The significant feature of The Devil’s Drive is the mocking spirit which animates the poem. Although the humor is sometimes clumsy and cheap, and the style formless and crude, the underlying tone is no longer ferocious, and the satire is no longer mere invective. The work is practically the only satire of Byron’s before Beppo in which are mingled the cool scorn, the bizarre wit, and the grotesque realism which were to be blended in Don Juan. The poem, too, is proof that by 1814, at least, Byron was firmly fixed in most of his political opinions. He had shown his dislike for Castlereagh and the Regent; he had expressed himself as opposed to all war and bloodshed, except in a righteous cause; and he had become an advanced liberal thinker, ready to oppose all unprogressive measures.

After the publication of the Corsair in January, 1814, Byron announced his intention of quitting poetry.161 His resolution, however, was short-lived, for on April 10th he wrote Murray that he had just finished an “ode on the fall of Napoleon.”162 Byron had, from the first, been interested in the career of Napoleon, with whom he felt, apparently, an instinctive sympathy. The poet’s expressed judgments of the Emperor seem, however, to indicate several changes in sentiment. In Childe Harold he had called him “Gaul’s Vulture,” and had spoken of “one bloated chief’s unwholesome reign”; in his Journal for November 17, 1813, he said: “He (Napoleon) has been a Héros de Roman of mine—on the Continent—I don’t want him here.”163 The Ode to Napoleon Buonaparte, composed in a single day after the news of the abdication of Fontainebleau, is a severe attack on the fallen Emperor, in which Byron, reproaching him for not having committed suicide, terms him “ill-minded man,” “Dark Spirit,” and “throneless homicide,” ending with an uncomplimentary contrast between him and Washington. Nevertheless, when the report of Waterloo reached him, Byron cried: “I am damned sorry for it.” In three poems written shortly after—Napoleon’s Farewell, Lines from the French, and An Ode from the French—he shows a kind of admiration for the Corsican. Finally came the splendid stanzas on Napoleon in Childe Harold, III,164 ending with the personal reference, implying that Byron’s own faults and virtues were those of the French emperor and exile.

The one long classical satire during this period is The Waltz, which has to do primarily with society. On October 18, 1812, Byron wrote Murray: “I have a poem on Waltzing for you, of which I make you a present; but it must be anonymous.

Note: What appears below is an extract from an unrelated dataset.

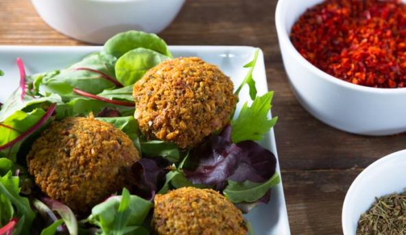 3. Očistite mladi luk, operite ga i isecite na kolutove. Pomešajte mladi luk, prašak za pecivo, kim, korijander, 1 ½ kašicicu soli, harisu i limunov sok sa masom od leblebija. Od mase vlažnim rukama pravite loptice (oko 20 komada) i uvaljajte ih u susam. Ulje zagrejte na 160 stepeni, pa pržite falafel oko 4 minuta. Slažite loptice na kuhinjski papir da se ocede.
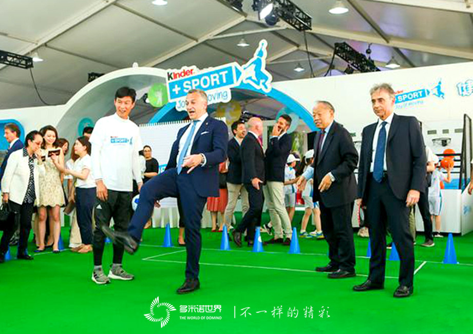 發(fā)布會現(xiàn)場,由多米諾世界團隊設(shè)計實施的新一季“健達+運動”校園運動季多米諾啟動儀式隆重舉行。意大利駐華大使謝國誼(Ettore Francesco Sequi)閣下、中國人民外交學(xué)會名譽會長,前中國外交部部長李肇星閣下、上海市浦東新區(qū)商務(wù)委員會主任辛雅琴、中國足球名宿,前國腳區(qū)楚良、費列羅中國區(qū)總經(jīng)理馬如城(Mauro De Felip),作為啟動嘉賓,共同出席了啟動儀式。

It is in the old style of English Bards, and Scotch Reviewers.”165 The satire was printed in the spring of 1813, but was so coldly received that Byron, on April 21, 1813, begged Murray to deny the report that he was the author of “a certain malicious publication on Waltzing.”166 The whole affair leaves Byron under the suspicion of duplicity.

The poem was published with a motto from the Aeneid:

“Qualis in Eurotæ ripis, aut per juga Cynthi,
Exercet Diana choros,”

and with a prefatory letter from “Horace Hornem, Esq.,” the professed author. This imaginary personage is a country gentleman of a Midland county, who has married a middle-aged Maid of Honor. During a winter in town with his wife’s relative, the Countess of Waltzaway, Hornem sees his spouse at a ball, waltzing with an hussar, and, after several vain attempts to master the new dance himself, composes the satire in its honor, “with the aid of William Fitzgerald, Esq.—and a few hints from Dr. Busby.” In the poem, however, Byron apparently makes no effort to fit the language or style to this fictitious figure.

Although the waltz, brought originally from Germany, was, in 1812, steadily winning its way to acceptance by the more fashionable element of society, its introduction was still meeting with opposition from many quarters. Byron, as censor of the Italian Opera and of Little’s Poems, was certainly not inconsistent in disapproving of the foreign dance on the ground of its immodesty. Doubtless, too, his own lameness, which prevented him from participating in the amusement, had some influence on his attitude. He had denounced the dance in English Bards in the line,

“Now in loose waltz the thin-clad daughters leap,”

and in Section 25 of The Devil’s Drive, he had made the Devil’s fairest disciples waltzers, and had quoted Satan’s words:

“Should I introduce these revels among my younger devils,
They would all turn perfectly carnal.”

Byron’s declaration that The Waltz is in the style of English Bards is not altogether exact, for though the metre of the two satires is the same and the same machinery of prose notes is used in both poems, the first-named work has a kind of jocularity which distinguishes it from the more severe earlier production. The Waltz, moreover, has some features of the mock-heroic, although the conventional structure of that genre is not made conspicuous. Thus it begins with an apostrophe to “Terpsichore, Muse of the many-twinkling feet,” and later, in true heroic manner, the author exclaims,

“O muse of Motion! say
How first to Albion found thy Waltz her way?”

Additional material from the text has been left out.